Senin, 02 Desember 2013

Pengakuan: diterima??

Standard
Malam yang sendu, hujan lebat sekali. sungguh lega sekali sekian jam ku tunggui hujan akhirnya berjatuhan juga. sore itu ku mendapat pengakuan dari dia, orang yang akhir-akhir ini merusak ketenanganku. Alhamdulillah, sepedih apapun dan sebagus apapun pengakuan dan penjelasan dari dia, ku terima dengan lapang, itulah hak dia untuk menjelaskan, ku coba menguatkan hati.
Dia menguraikan panjang lebar keistemewaan-keistimewaan dari pasangannya, seperti seorang bidadari dalam sebuah dongeng. Semoga langgeng, hanya itu do'aku kepada kalian.
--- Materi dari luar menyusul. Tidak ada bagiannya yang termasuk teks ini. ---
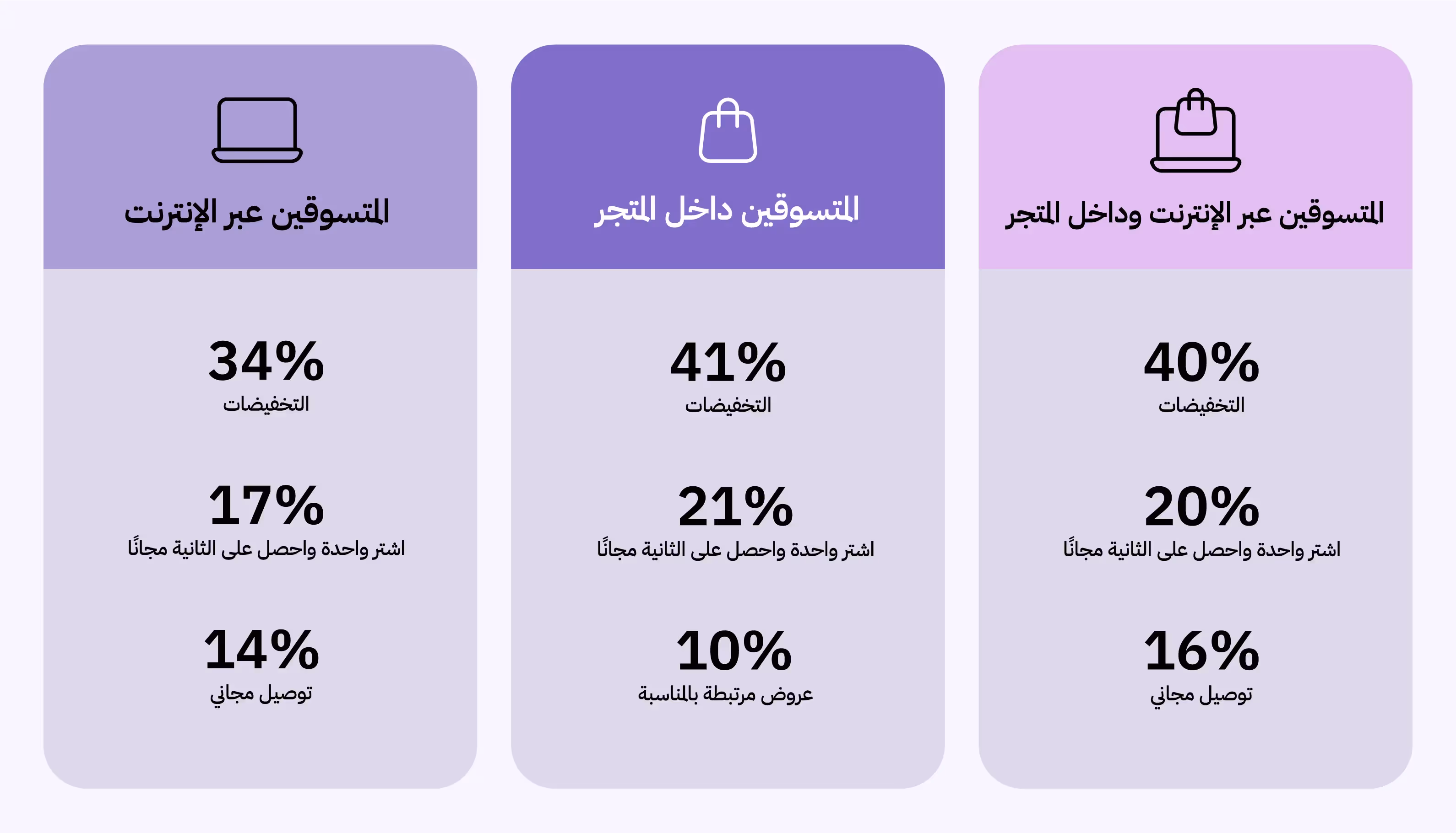 عبر جميع التصنيفات سواء أونلاين او داخل المحل، العروض والخصومات دائما تكون في المقدمة في تأثيرها على العميل ويتبعها:
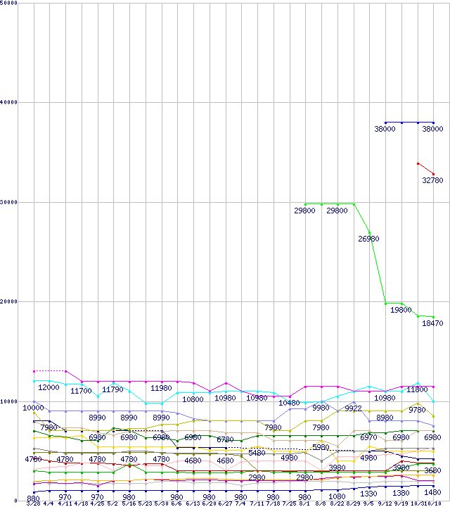 メモリ主要製品の最安値推移↑前グラフ↓次グラフ(2009年3月28日〜2009年10月10日)※このグラフは過去のデータも税率5%相当に調整した税込み相当額のグラフです。 税率変更や、総額表示方式導入(2004年4月)の影響は除いています。凡例PC3-10600 4GB×2枚組みセットPC2-6400 4GB×2枚組みセットPC3-10600 4GBPC2-6400 4GBPC3-12800 2GB×3枚組みセットPC3-10600 2GB×3枚組みセットPC3-12800 2GB×2枚組みセットPC3-12800 1GB×3枚組みセットPC3-10600 2GB×2枚組みセットPC2-6400 2GB×2枚組みセットPC3-10600 1GB×3枚組みセットPC3-12800 1GB×2枚組みセットPC3-12800 2GBPC3-10600 1GB×2枚組みセットPC3-10600 2GBPC3-12800 1GBPC2-6400 1GB×2枚組みセットPC2-6400 2GBPC3-10600 1GBPC2-6400 1GB※製品名をクリックすると個別のグラフを表示します※点線部は販売店が確認できなかった、または調査データがないことを示します
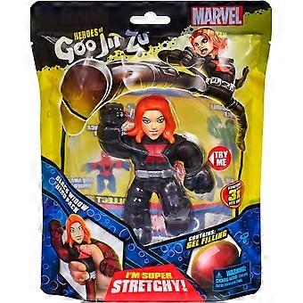 Marvel Superheroes and the Heroes of Goo Jit Zu have combined forces again to bring you the ultimate line-up of the stretchiest, gooiest and squishiest Superheroes ever all ready to defeat evil and save the day Black Widow has joined forces with the Heroes of Goo Jit Zu to become a Super Stretchy Hero This Goo Jit Zu Marvel Hero can stretch, twist and squish her unique gel filling and move in a way like she never has before With her extra, super stretchy filling you can squeeze her body and watch her gel filling bulge out Play with your Black Widow Hero figure in a new GOOEY way and help save the day - with NO mess Squeeze, squish and stretch her arms, legs and body Her amazing stretchy body can stretch up to 3 times its size and then return to its original shape and size Collect all 4.5-Inch Marvel Heroes including the Amazing Spider-Man, Incredible Hulk, Captain America-Sam Wilson, Captain Marvel, Black Widow and invincible Iron Man Each Marvel Hero has their own unique goo filling with a different texture and feel like you have never seen or felt before Collect them all
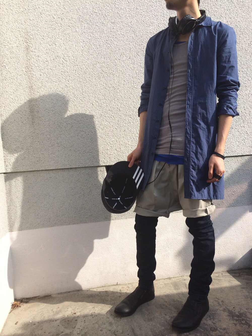 s/sシャツスタイル 春です roodのロングシャツとハーフパンツを履いてます
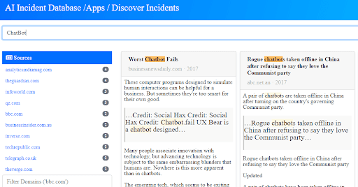 ويمكن لأي شخص استعراض هذه الحوادث والبحث فيها تبعاً للمصدر أو رقم الحادث أو كلمة مفتاحية. وعلى سبيل المثال عند البحث عن مصطلح بوت الدردشة "ChatBot"، تحصل على 69 تقرير حول حالات فشل لهذه الأنظمة.

Keikhlasan itu tidak bisa langsung, mengIYAkan apa yang diambil orang dari sisinya. sama halnya dengan kehilangan seseorang yang kita sayang tidak serta merta kita langsung ikhlas jika kehilangannya. Butuh waktu untuk menerima semua kenyataan ini. Lebih baik aku mengetahui sekarang daripada aku baru mengetahui besssok, malah itu lebih menyakitkan. Terima kasih Ya Allah.

Kasih sayang dari 1 orang hilang datanglah berjuta -juta kasih sayang dari orang lain. Tak pernah ku bersedih meratapi semua. tapi bagaimana ku  meminimalisisr kesedihanku dengan kegiatan-kegiatan yang positif.